En el descampado de los alrededores de Belén estaban unos pastores. No César, ni Herodes, ni Quirino, ni los escribas. Lucas reserva el verbo estar para una calidad de presencia semejante a la de María, que estaba en el lugar preciso cuando le fue enviado el ángel (cf. Lc 1,28). Pero el término «pastores» no tenía para los oyentes del evangelio ninguna resonancia idílica: evocaba un grupo casi siempre fuera de la ley, al que no se permitía testimoniar en juicios y vivía marginado de los centros vitales de Israel: la Torah, la sinagoga, el culto…

Está empezando a resonar la preferencia de Jesús por la gente del margen, se está anticipando su costumbre de comensalía abierta; los secretos del Reino van a ser revelados, por primera vez, a la gente sencilla (cf. Lc 10,21). En el silencio de esta noche se está balbuciendo la primera bienaventuranza: «dichosos los pobres, los que siguen esperando, los que permanecen velando en medio de la noche: para ellos va a ser el rumor de ángeles, el gozo de la gran noticia y el resplandor de la gloria de Dios».

Se está preparando el otro nacimiento, la otra Pascua: cuando amanezca el Resucitado, su luz vencerá definitivamente los poderes de la noche, y las tinieblas perderán para siempre su pretensión de tener la última palabra.

«Velaban por turnos los rebaños a la intemperie»

CONSUMO/DESEO: frente a la Jerusalén de los instalados y satisfechos, de los somnolientos, sordos, ciegos y mudos, los pastores representan la atención despierta y el deseo expectante. Quizá no padecían, como nosotros hoy, la presión de otros modelos de vida apasionantes (hacer zapping, shopping o surfing…); quizá no se habían enterado aún de que Bill Gates es el verdadero pastor, el que apacienta a sus dóciles ovejas en los verdes prados de la informática…: quizá no tenían configurada la vida por las ofertas «a la carta» y no se debatían entre la elección del yogur con pedacitos de frutas, o más de lo mismo pero con bífidos activos; o entre la crema hidratante con microsomas bioenergéticos de acción reestructurante y la de placenta de visón con aceites nutrientes esenciales…

Hoy casi todo está muy bien montado para distraernos y hacernos olvidar la noche (con un poco de suerte, sólo llegarán a padecerla los que han tenido la mala estrella de estar en los descampados, es decir, unos mil millones de seres humanos), mientras que para otros «ya es de día en El Corte Inglés».

Y así, casi imperceptiblemente, se nos va obstruyendo hasta la memoria de la interioridad y de la compasión, y nos vamos convirtiendo en gente ensimismada e inerte, privada de orientación significativa, enredada en las redes vacías de la intrascendencia.

Por eso, junto a la hoguera donde se calientan del relente de la noche, los pastores parecen estar diciéndonos: «Estad atentos, no perdáis la conciencia de la noche: sólo en ella se revela el inmenso y silencioso trabajo de Dios en el mundo; sólo estando del lado de los que padecen más su intemperie puede sorprenderos la visita del ángel».

Cuando otras formas de ascesis nos parecen caducas, la ascética de la atención revela su poder de mantenernos despejados y alerta.

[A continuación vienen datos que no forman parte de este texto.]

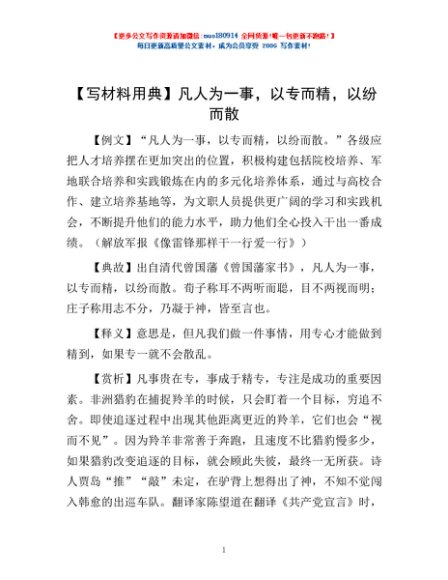 / 【写材料用典】凡人为一事,以专而精,以纷而散
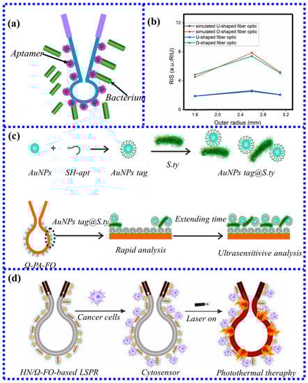 - Li, Y.; Wang, X.; Ning, W.; Yang, E.; Li, Y.; Luo, Z.; Duan, Y. Sandwich method-based sensitivity enhancement of Ω-shaped fiber optic LSPR for time-flexible bacterial detection. Biosens. Bioelectron. 2022, 201, 113911. [Google Scholar] [CrossRef]

Y cuando la presión de la publicidad nos convence de la importancia de estar en forma, de invertir en el propio yo, es urgente conducir esas recomendaciones en la dirección de adquirir esa «aptitud de mantenerse en un estado psíquico, nervioso y físico tal, que se pueda estar espiritualmente atento al momento presente» (2)

«Cuando el alma no está ardiendo -son palabras de A. Heschel-, ninguna luz de especulación iluminará la oscuridad de la indiferencia» (3).

Cuando estamos atentos -podríamos continuar diciendo nosotros-, la lectura de un periódico, las noticias de un informativo, la monotonía del trabajo diario, un trayecto de metro, una conversación en apariencia banal, pueden convertirse en lugares de revelación, de des-velamiento y de encuentro, porque -ahora son palabras de Levinas- «yo no digo que el otro sea Dios, pero en su rostro escucho la Palabra de Dios. Es en el rostro del otro donde aparece el mandamiento que interrumpe la marcha del mundo» (4).

– Deslumbrados por un amor excesivo

«Un ángel del Señor se les presentó. La gloria del Señor los cercó de resplandor» (Lc 2,9). Como Abraham, Jacob, Gedeón, Elías, Zacarías o María, los pastores reciben la visita del ángel. Ahora son ellos «el pueblo que andaba a oscuras y vio una luz intensa; que vivía en tierra de sombras y le brilló una luz» (Is 9,1).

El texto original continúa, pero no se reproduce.